SNES emulation speed

Announce new emulators, discuss which games run best under each emulator, and much much more.

Moderator: General Mods

Exophase
Hazed
Posts: 77
Joined: Mon Apr 28, 2008 10:54 pm

Post by Exophase »

byuu; By the way, one other thing I noticed with your code. Are you using gcc to compile this? Because if so, it can't do very much with cross-module optimization, and even denoting things like get_palette as inline won't make it inlined if it's declared in another module.
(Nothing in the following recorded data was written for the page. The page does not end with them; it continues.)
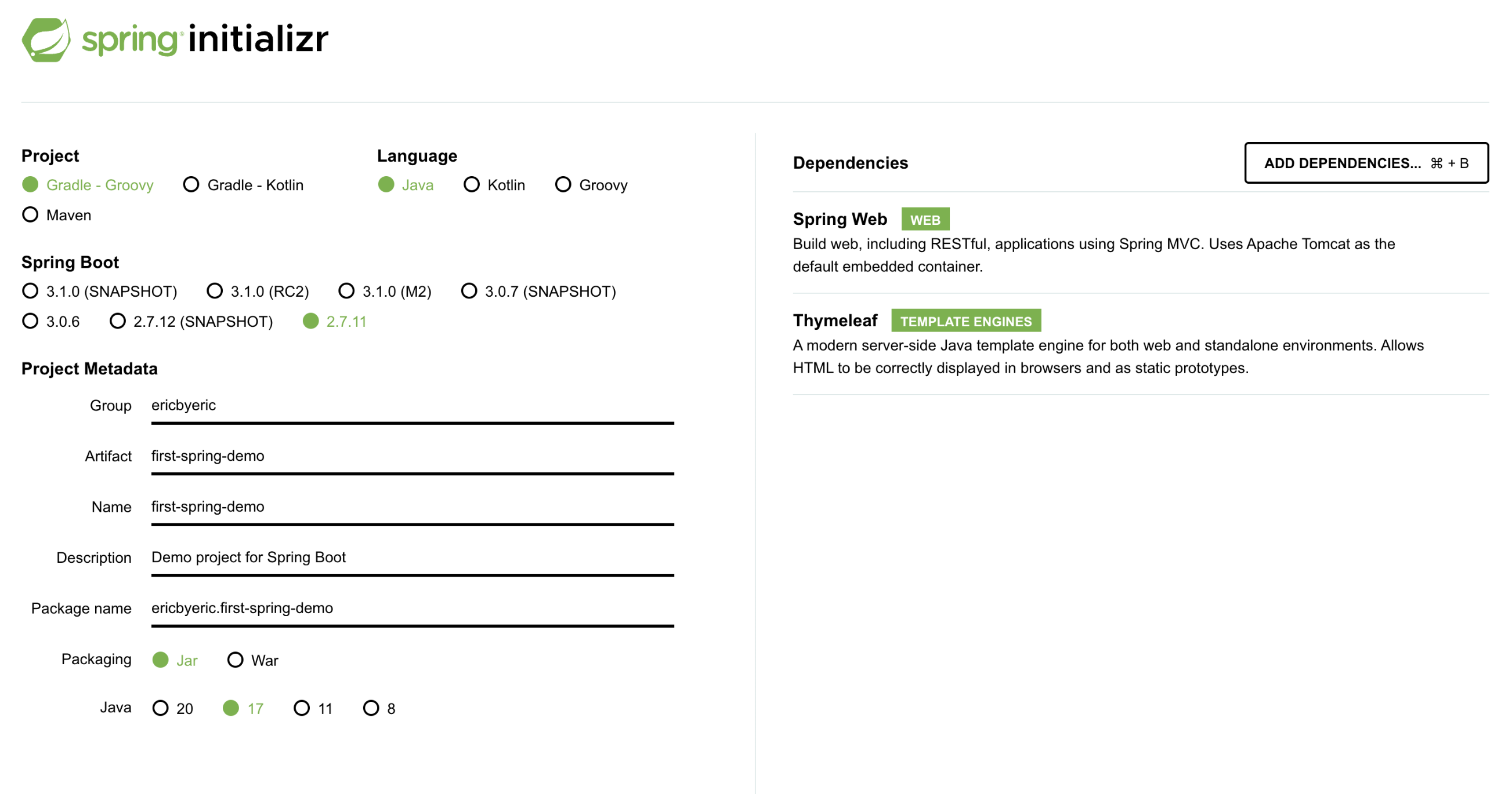 - Spring boot 기반 Spring 프로젝트를 생성해주는 사이트
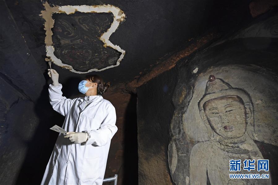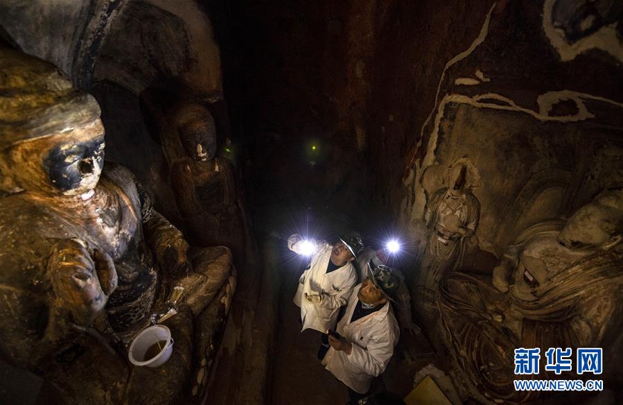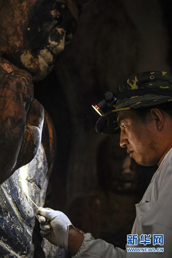 4月27日,文物修復專家在寧夏須彌山石窟圓光寺48號窟內開展修復工作。新華社記者馮開華攝
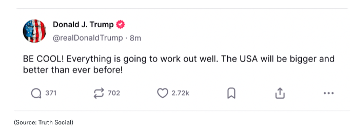 “酷一点!”特朗普在他的社交媒体平台Truth social上写道。“一切都会好起来的。美国将比以往任何时候都更大、更好!”
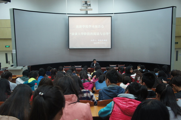 为加强学风建设,为懂球体育广大新生提供学习方法方面的指导,2015年11月5日晚,旅游公司在综合楼401举办题为《谈谈大学阶段的阅读与自学》的学术讲座,由懂球体育陈金生教授主讲,懂球体育2015级近300名员工参加了讲座。

You'd want to move inlined functions that are used by multiple modules into header files instead.

Since you're calling this (or the direct color one) every pixel it could make a huge difference if it's turning out to be a function call (if you are indeed using GCC).
blargg
Regular
Posts: 327
Joined: Thu Jun 30, 2005 1:54 pm
Location: USA
Contact:

Post by blargg »

byuu doesn't need no silly cross-module optimization when everything is compiled as a single translation unit (courtesy of #include)! Or at least it was that way last time I checked.
Exophase
Hazed
Posts: 77
Joined: Mon Apr 28, 2008 10:54 pm

Post by Exophase »

blargg wrote:byuu doesn't need no silly cross-module optimization when everything is compiled as a single translation unit (courtesy of #include)! Or at least it was that way last time I checked.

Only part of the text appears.